The data below contains pictures, which are to be skipped; the lines starting at the line with "5月8日上午,在位于历下区文" and ending at the line with "Henri Dutilleux |" are to be output exactly, both ends included.
#### RECORDS SHOWN ####
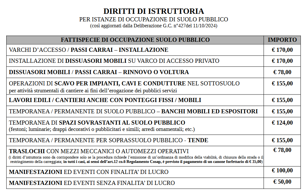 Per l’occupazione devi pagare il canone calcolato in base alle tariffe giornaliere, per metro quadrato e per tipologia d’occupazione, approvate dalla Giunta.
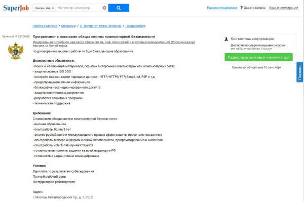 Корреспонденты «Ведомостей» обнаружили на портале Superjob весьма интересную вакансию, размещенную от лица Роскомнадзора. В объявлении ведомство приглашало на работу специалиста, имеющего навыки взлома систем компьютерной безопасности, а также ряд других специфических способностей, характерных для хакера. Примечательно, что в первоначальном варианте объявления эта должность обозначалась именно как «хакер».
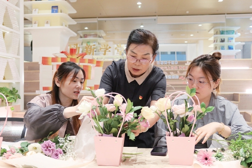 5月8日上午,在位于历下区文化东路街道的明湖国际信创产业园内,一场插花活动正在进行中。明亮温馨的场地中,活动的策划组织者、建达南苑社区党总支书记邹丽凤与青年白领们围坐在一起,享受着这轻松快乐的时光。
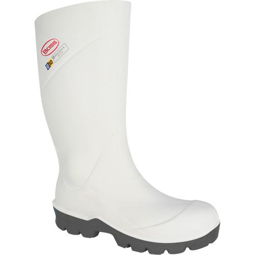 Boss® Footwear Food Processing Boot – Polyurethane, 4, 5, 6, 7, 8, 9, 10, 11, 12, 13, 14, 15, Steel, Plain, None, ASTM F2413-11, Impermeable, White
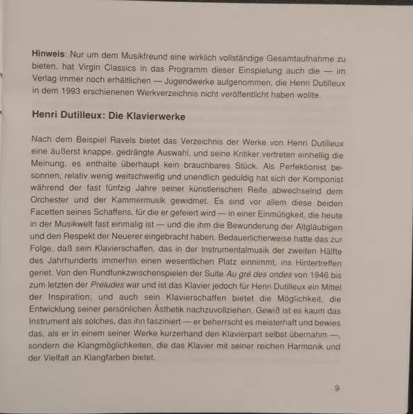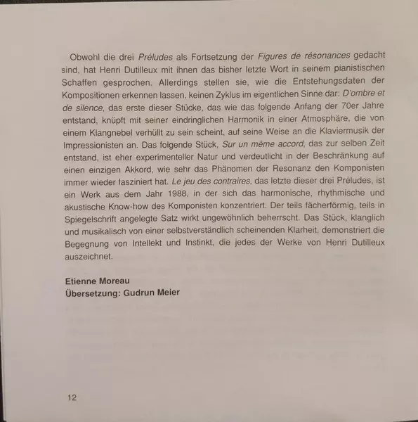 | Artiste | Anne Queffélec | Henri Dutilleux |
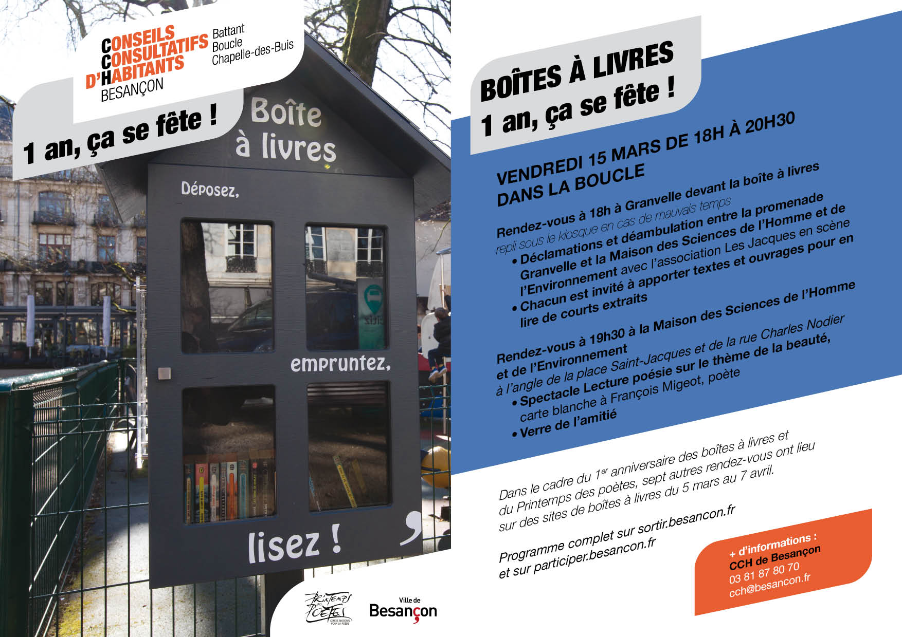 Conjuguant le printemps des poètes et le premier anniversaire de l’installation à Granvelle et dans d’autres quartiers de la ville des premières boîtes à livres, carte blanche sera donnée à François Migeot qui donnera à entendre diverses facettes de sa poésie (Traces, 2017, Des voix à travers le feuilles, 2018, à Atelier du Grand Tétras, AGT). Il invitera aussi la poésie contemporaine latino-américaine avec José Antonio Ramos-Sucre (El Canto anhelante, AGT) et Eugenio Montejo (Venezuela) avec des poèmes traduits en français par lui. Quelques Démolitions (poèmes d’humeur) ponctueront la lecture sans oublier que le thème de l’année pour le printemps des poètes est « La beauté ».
####
§ **EXERCISE RESULT**
 5月8日上午,在位于历下区文化东路街道的明湖国际信创产业园内,一场插花活动正在进行中。明亮温馨的场地中,活动的策划组织者、建达南苑社区党总支书记邹丽凤与青年白领们围坐在一起,享受着这轻松快乐的时光。
 Boss® Footwear Food Processing Boot – Polyurethane, 4, 5, 6, 7, 8, 9, 10, 11, 12, 13, 14, 15, Steel, Plain, None, ASTM F2413-11, Impermeable, White
 | Artiste | Anne Queffélec | Henri Dutilleux |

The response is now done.